**DATA RECORDS:**
- - -

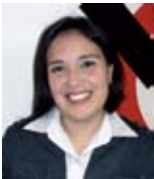
Por: Érica Maldonado, Analista de Proyectos de la Fundación Social de Holcim Colombia

Generar estas oportunidades para los jóvenes de Ciudad Bolívar, es una búsqueda constante de alianzas para mejorar la calidad de la educación, analizando el mercado e identificando sus necesidades se originan los programas de educación técnica que darán nuevas oportunidades para la juventud de la localidad a través de sus convocatorias. Uno de los factores más importantes de los programas es que se fomenta la práctica con oportunidades dentro de diferentes empresas y Holcim (Colombia) S.A.
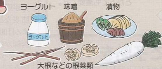
ヨーグルト 味噌 漬物 大根などの根菜類

腸には体全体の免疫細胞の約7割が存在していると言われています。腸が元気に働くと免疫力アップにつながります。腸を元気にするためにヨーグルト、味噌漬物などの発酵食品や善玉菌のエサとなるオリゴ糖や食物繊維を多く含むものを継続して積極的に摂りましょう。善玉菌を増やして腸内環境を整え、免疫力を高めましょう。
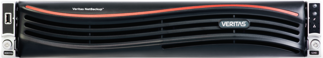
그림 2. Veritas NetBackup™ 5240은 확장 가능한 스토리지 및 지능적인 중복 제거 기능을 갖춘 통합 엔터프라이즈 백업 어플라이언스입니다.
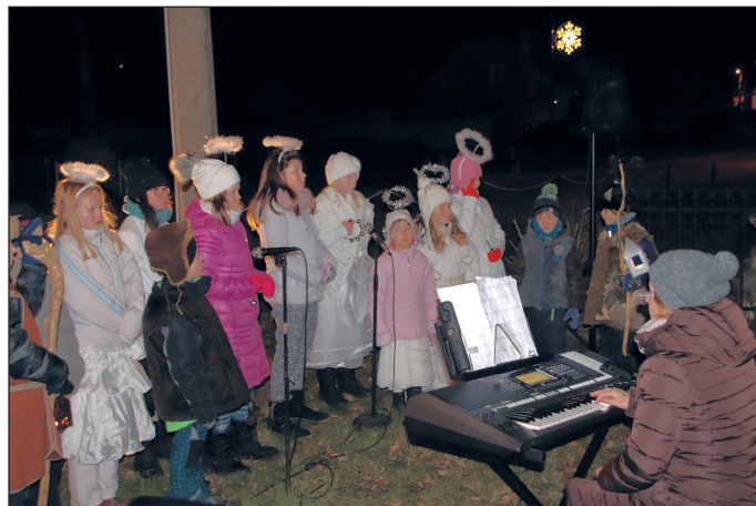
foto a video archiv nejen z této akce najdete na našem Facebooku – stačí zadat do vyhledávače „SDH Hynkov“.

Vážení a milí spoluobčané, rád bych Vám jménem Sboru dobrovolných hasičů Hynkov poděkoval za přízeň, kterou jste nám v končícím roce věnovali, popřál krásné a požehnané prožití vánočních svátků a zejména pak úspěšný vstup do roku nového. Budeme se na vás všechny těšit na našich akcích.
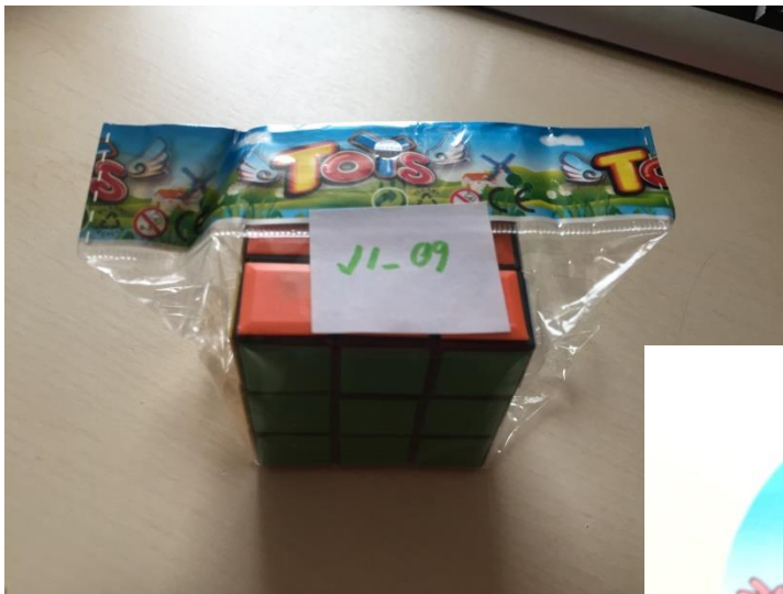
Rubikova kostka 2
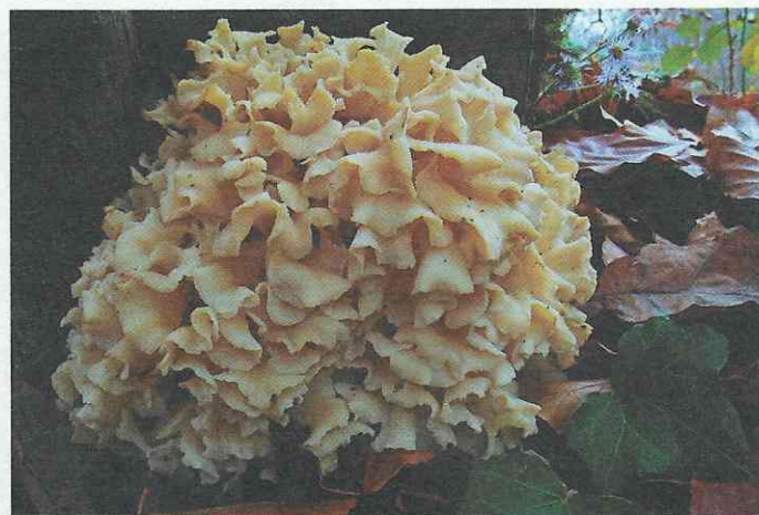
Грибная капуста ( Sparassis crispa )

В начале двадцать первого века целая плеяда выдающихся микологов заинтересовалась лечебными свойствами грибов и опубликование научных трудов уже тянет на добрую сотню томов.

- - -

Please retype exactly the lines from the one containing "Generar estas oportunidades" to the last line of the records above, both included, without any pictures.

**TASK RESPONSE:**
Generar estas oportunidades para los jóvenes de Ciudad Bolívar, es una búsqueda constante de alianzas para mejorar la calidad de la educación, analizando el mercado e identificando sus necesidades se originan los programas de educación técnica que darán nuevas oportunidades para la juventud de la localidad a través de sus convocatorias. Uno de los factores más importantes de los programas es que se fomenta la práctica con oportunidades dentro de diferentes empresas y Holcim (Colombia) S.A.
ヨーグルト 味噌 漬物 大根などの根菜類

腸には体全体の免疫細胞の約7割が存在していると言われています。腸が元気に働くと免疫力アップにつながります。腸を元気にするためにヨーグルト、味噌漬物などの発酵食品や善玉菌のエサとなるオリゴ糖や食物繊維を多く含むものを継続して積極的に摂りましょう。善玉菌を増やして腸内環境を整え、免疫力を高めましょう。
그림 2. Veritas NetBackup™ 5240은 확장 가능한 스토리지 및 지능적인 중복 제거 기능을 갖춘 통합 엔터프라이즈 백업 어플라이언스입니다.
foto a video archiv nejen z této akce najdete na našem Facebooku – stačí zadat do vyhledávače „SDH Hynkov“.

Vážení a milí spoluobčané, rád bych Vám jménem Sboru dobrovolných hasičů Hynkov poděkoval za přízeň, kterou jste nám v končícím roce věnovali, popřál krásné a požehnané prožití vánočních svátků a zejména pak úspěšný vstup do roku nového. Budeme se na vás všechny těšit na našich akcích.
Rubikova kostka 2
Грибная капуста ( Sparassis crispa )

В начале двадцать первого века целая плеяда выдающихся микологов заинтересовалась лечебными свойствами грибов и опубликование научных трудов уже тянет на добрую сотню томов.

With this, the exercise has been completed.